(Data extracted from a collection)
----
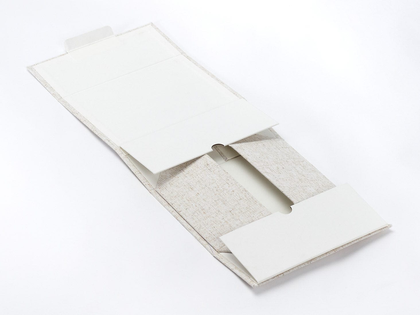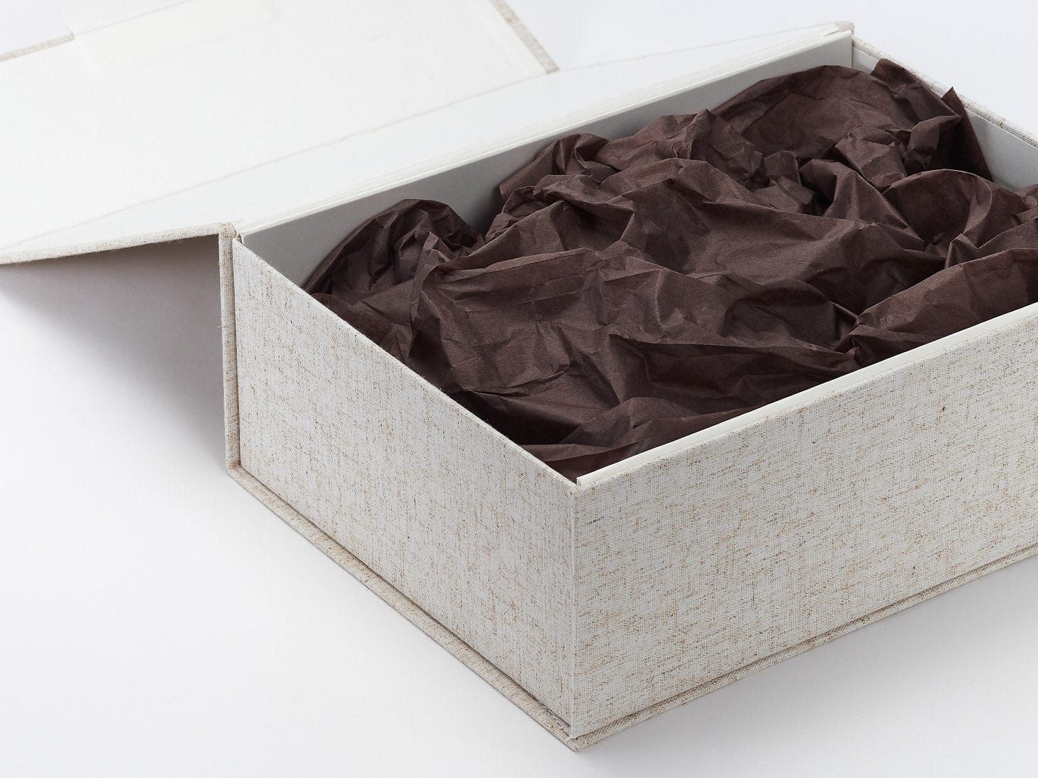 Our A5 Deep Natural Linen Gift Boxes are premium folding gift packaging wrapped in tactile natural linen with complementary ivory kraft paper lining. Perfect for retail, weddings, artisan gifts, and luxury brand presentation.
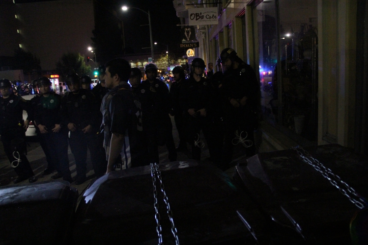 One thought that came to mind that night was the quote from Mao about revolutionaries swimming amongst the fish of the general population. Not that the quote is entirely apt here, but in the days of old, during the early days of the Justice for Oscar Grant movement, for instance, downtown Oakland was a ghost town at night and it was much easier for police to identify and smash on small groups of protesters.
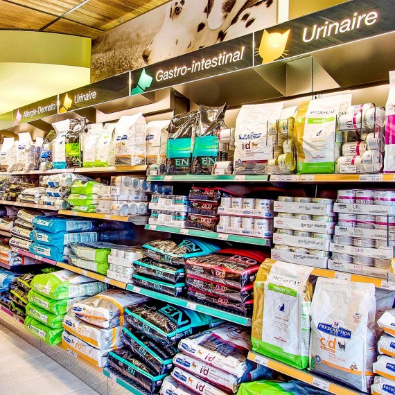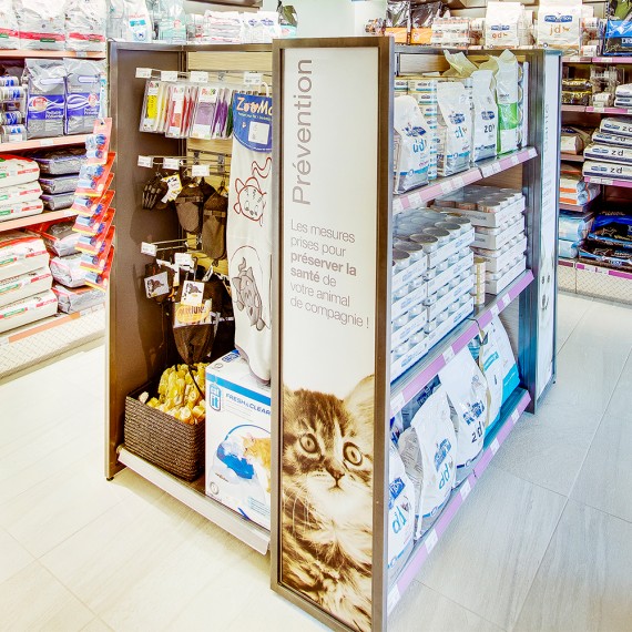 Une très vaste gamme de produits de soins (shampoing, nettoyeur d’oreille, brosses…) et d’accessoires pour chiens et chats sont disponibles à notre boutique.
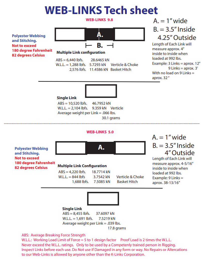 Inspect links before each use. DO NOT use if damaged in any form or way.
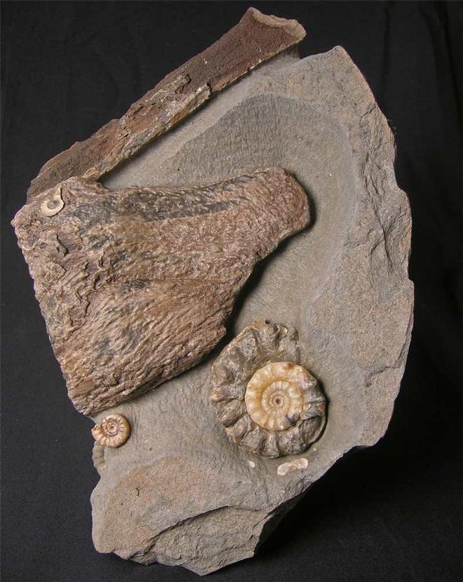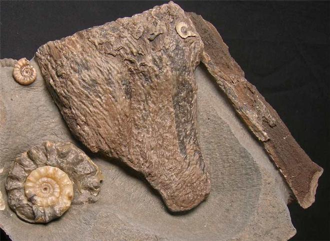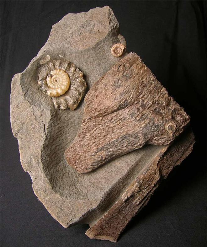 | A substantial and highly aesthetic fossil exhibiting a Xipheroceras planicosta and a Promicroceras planicosta, both preserved alongside a bizarre root-like structure with an attached branch. Wood and ammonites on the same piece of matrix are always highly sought after by collectors and are becoming increasingly scarce to find from this world famous fossil locality. The fossilised wood is from the ancient Monkey Puzzle tree and has superb detail and colouration throughout. Approximately 200 million years old. |
----
What to work on: Set down every entry above without alteration, but print no images.

Solution for this exercise:
 Our A5 Deep Natural Linen Gift Boxes are premium folding gift packaging wrapped in tactile natural linen with complementary ivory kraft paper lining. Perfect for retail, weddings, artisan gifts, and luxury brand presentation.
 One thought that came to mind that night was the quote from Mao about revolutionaries swimming amongst the fish of the general population. Not that the quote is entirely apt here, but in the days of old, during the early days of the Justice for Oscar Grant movement, for instance, downtown Oakland was a ghost town at night and it was much easier for police to identify and smash on small groups of protesters.
 Une très vaste gamme de produits de soins (shampoing, nettoyeur d’oreille, brosses…) et d’accessoires pour chiens et chats sont disponibles à notre boutique.
 Inspect links before each use. DO NOT use if damaged in any form or way.
 | A substantial and highly aesthetic fossil exhibiting a Xipheroceras planicosta and a Promicroceras planicosta, both preserved alongside a bizarre root-like structure with an attached branch. Wood and ammonites on the same piece of matrix are always highly sought after by collectors and are becoming increasingly scarce to find from this world famous fossil locality. The fossilised wood is from the ancient Monkey Puzzle tree and has superb detail and colouration throughout. Approximately 200 million years old. |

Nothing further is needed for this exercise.